Data:
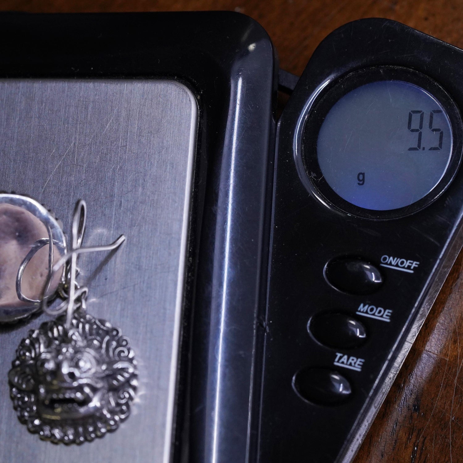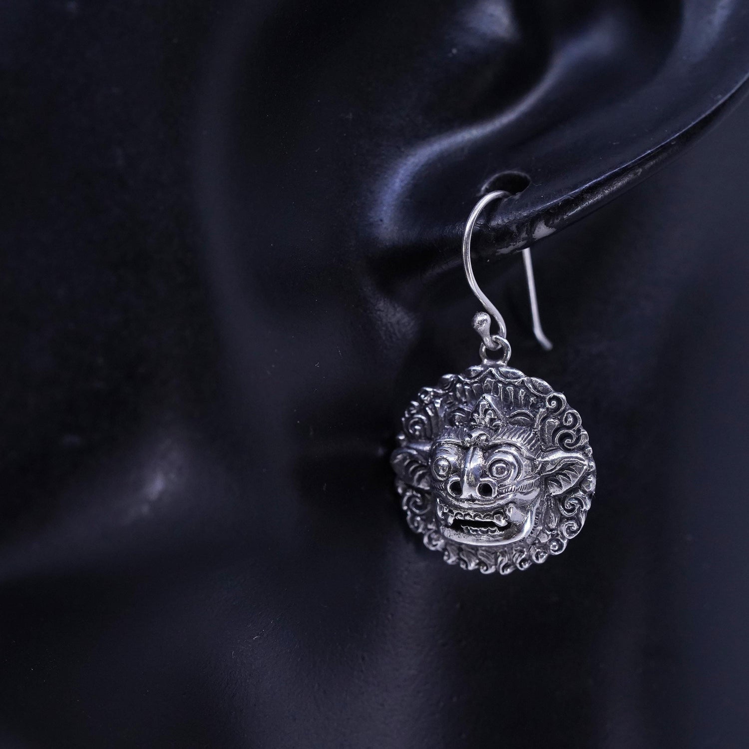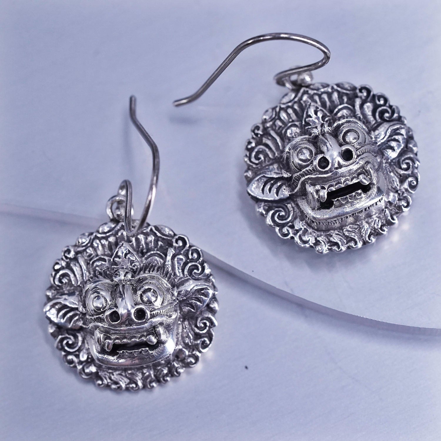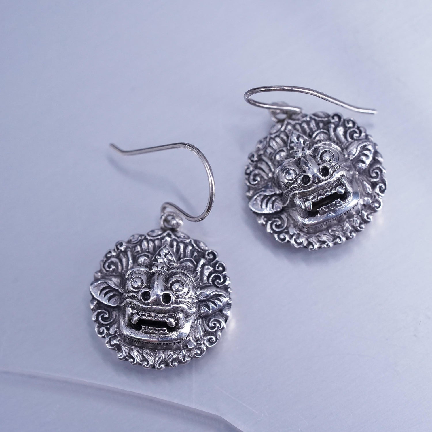 vintage Sterling silver handmade earrings, 925 lion head dangles, stamped 925
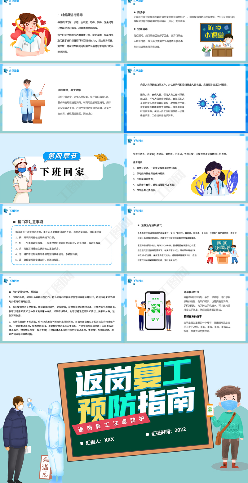 工圖網(wǎng)提供2022返崗復(fù)工預(yù)防指南PPT簡潔大氣風(fēng)范崗復(fù)工注意事項(xiàng)專題課件模板供會員免費(fèi)下載。更多精彩黨課PPT素材,盡在工圖網(wǎng)。
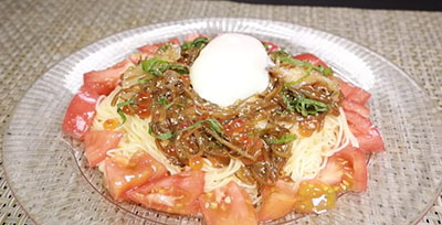 - パスタを皿に盛り、トマト、三陸海宝漬、温泉卵、刻んだ大葉をのせ
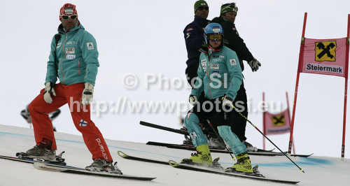 : Tanja Poutiainen of Finland (R) with her coach Christian Thoma (L) during course inspection before start of first run of women giant slalom race of Audi FIS Alpine skiing World cup finals in Schladming, Austria. Women giant slalom race of Audi FIS Alpine skiing World cup finals was held in Schladming, Austria, on Sunday, 18th of March 2012.
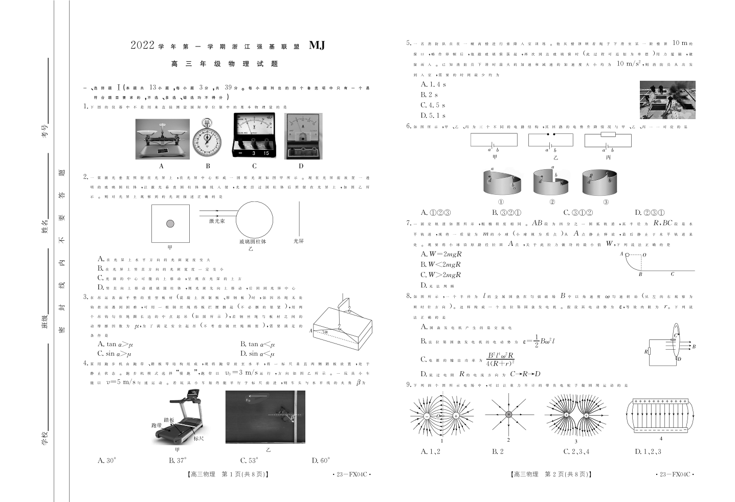 高三物理--浙江省强基联盟2023届高三上学期选考仿真密卷
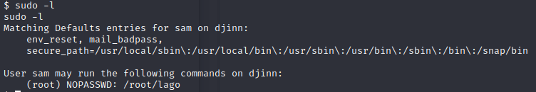 发现lago命令可以用root的身份运行,并且不需要passwd
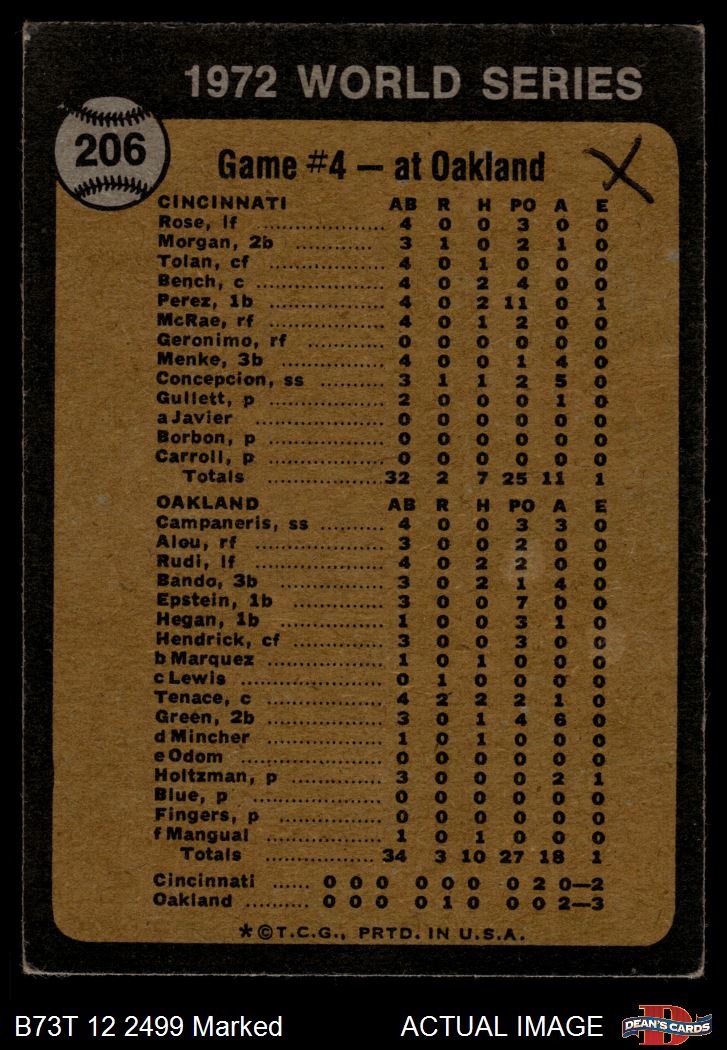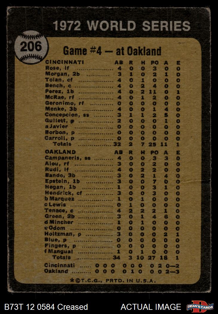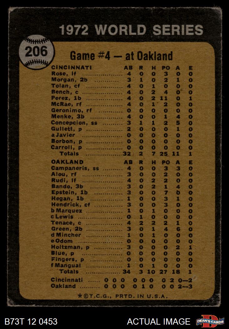1973 Topps #206 1972 World Series - Game #4 - Tenace Singles in Ninth
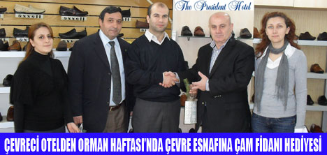 BW The President Hotel, çevre duyarlılığının artırılması amacıyla; 21 ile 26 Mart tarihleri arasındaki Orman Haftası nedeniyle, çevre esnafına 'çam fidanı' hediye etti
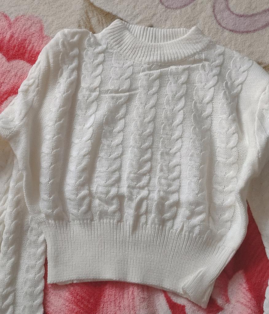 There was no size on the sweater, size s is a little mismatched, fits to size m. The quality of the sweater is not bad, I gave it a four because the elastic band at the waist is stretched in one place and it doesnβt look aesthetically pleasing.
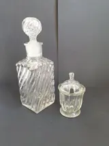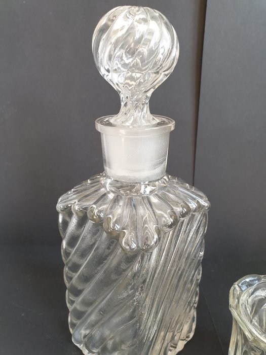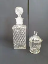 Karaf en mosterd, vooroorlogse geperste school, kleine karaf voor likeur of tinctuur in zeer goede staat zonder beschadigingen, mosterdpotje - in zeer goede staat, zonder lepel
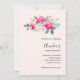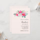 Convite de festa de aniversário com uma imagem caprichosa em aquarela. Uma bela composição floral com cores rosa brilhante e rosa pastel aninhadas entre folhas verdes e raminhos.
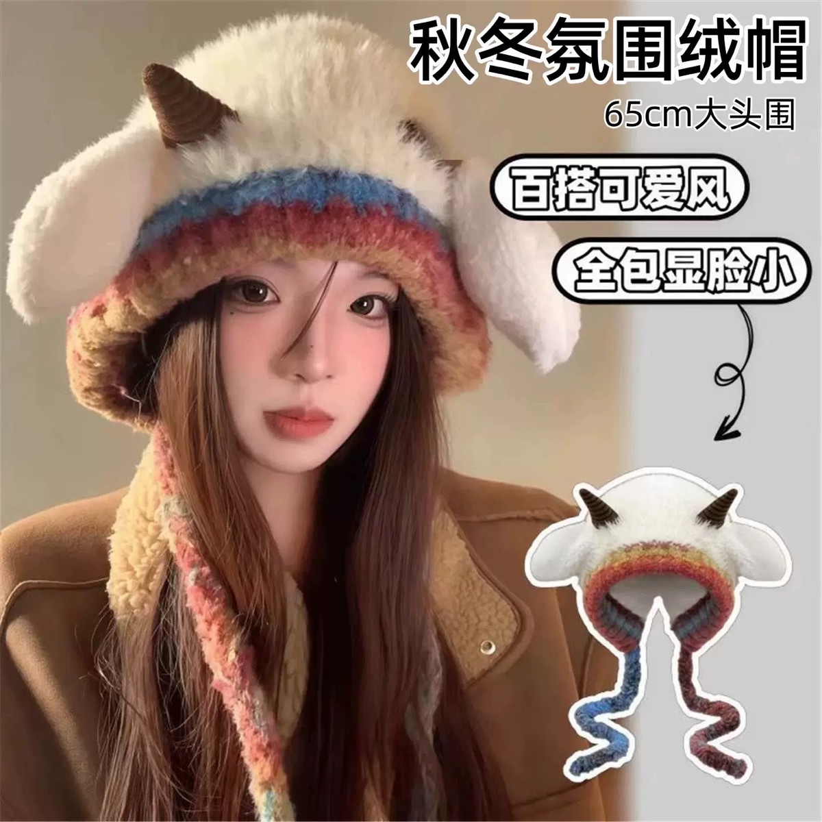 可爱小羊耳朵毛绒针织帽子女秋冬韩版保暖护耳防寒防风套头雷锋帽

Task prompt: I would like an exact copy of the lines from the one holding "Convite de festa" through the last line of the entries above, with the pictures left out.

Output:
 Convite de festa de aniversário com uma imagem caprichosa em aquarela. Uma bela composição floral com cores rosa brilhante e rosa pastel aninhadas entre folhas verdes e raminhos.
 可爱小羊耳朵毛绒针织帽子女秋冬韩版保暖护耳防寒防风套头雷锋帽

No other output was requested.